Bottom line is that it’s going to take more than a new round of musical chairs from a bunch of generic career bureaucrats to effectively address the serious problems facing the country.

10 Comments
 

America is always concerned with "reformers", it's rather pathetic. Leave each country to its own and dont expect everyone to be like you ("reformers"). The time will come when it is right for China to change.

Greed is Good.
 
konigAmerica is always concerned with "reformers", it's rather pathetic. Leave each country to its own and dont expect everyone to be like you ("reformers"). The time will come when it is right for China to change.

America is always concerned with "corrupt Communists teetering on a brink," it's rather pathetic. Leave each country to its own and dont expect everyone to be like you ("Capitalists who kick ass and don't fake their 10-Ks"). The time will come when it is right for China to change.

 

If China is not reforming there wouldn't have had capitalism at all. They have a much more complex issue than we do now and did when we were rapidly growing many decades ago. China have 1.3 billion people and you can't make quick "reforms" without major disruption and potential disastrous outcomes.

How they chooses to reform is their own right and they know best, not us. We need to stop applying our one size fits all political model onto everyone else.

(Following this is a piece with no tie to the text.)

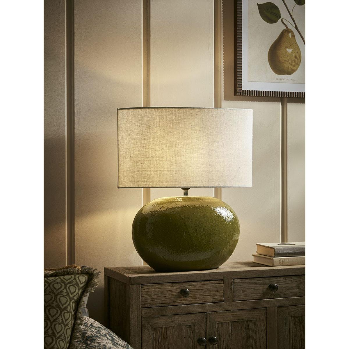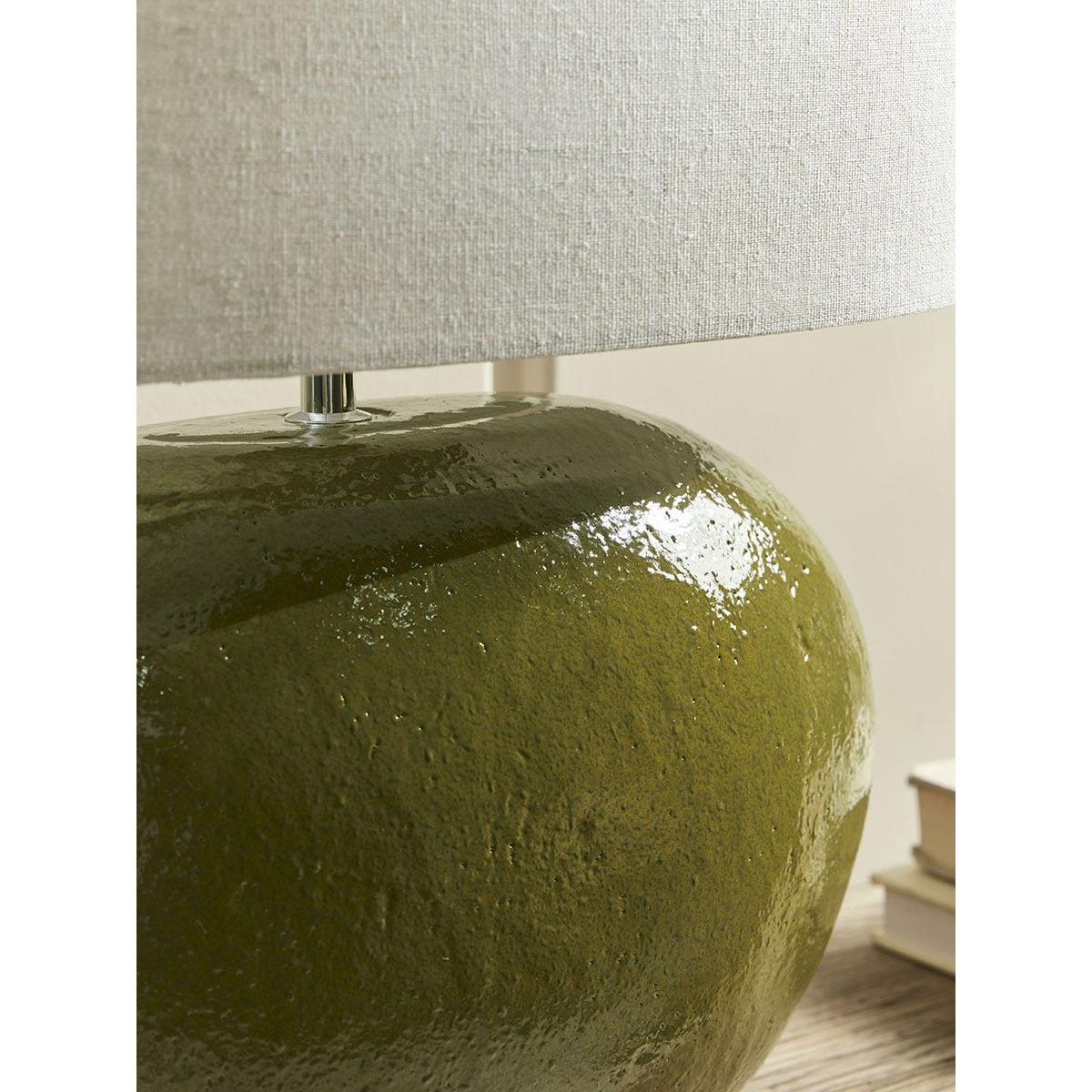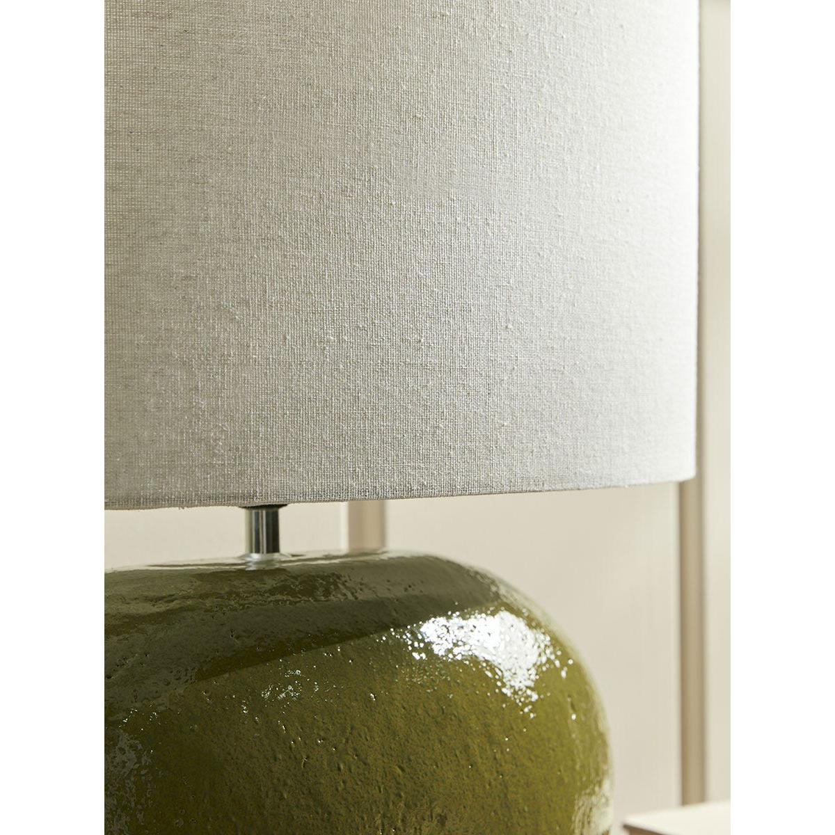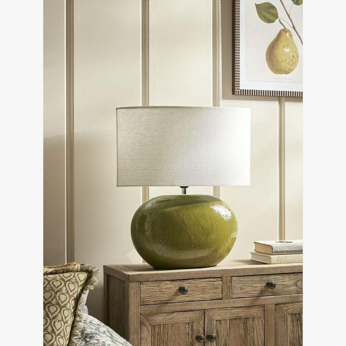 Add warmth and radiance into your home with this table lamp, which works perfectly in a home inspired by individuality and natural tones. Crafted from a glazed ceramic, the olive green base adds gentle colour to your space which pairs beautifully with a neutral linen shade, cascading a welcoming glow in your home. Discover how to create the perfect lighting scheme for your home using our Lighting Buying Guide.

Shit just don't work this way.

 

I am interested to see how China will transform its export-driven growth model to a consumer-based model. Any failure to do so will really contest the legitimacy of the party because the economic prosperity is probably the only reason why Chinese ppl are not too upset about their current freedom rights.

 

Yes, ultimately the government and its leaders will choose to go about their business however they want to. But it is my right to express my opinion about it. Is it okay for me to assume Callus is not an American and start criticizing him because he shouldn't be talking about a foreign country's government?

At no point did I advocate a specific course of action. My only point was that more of the same from the top will not effectively address the issues the country is facing.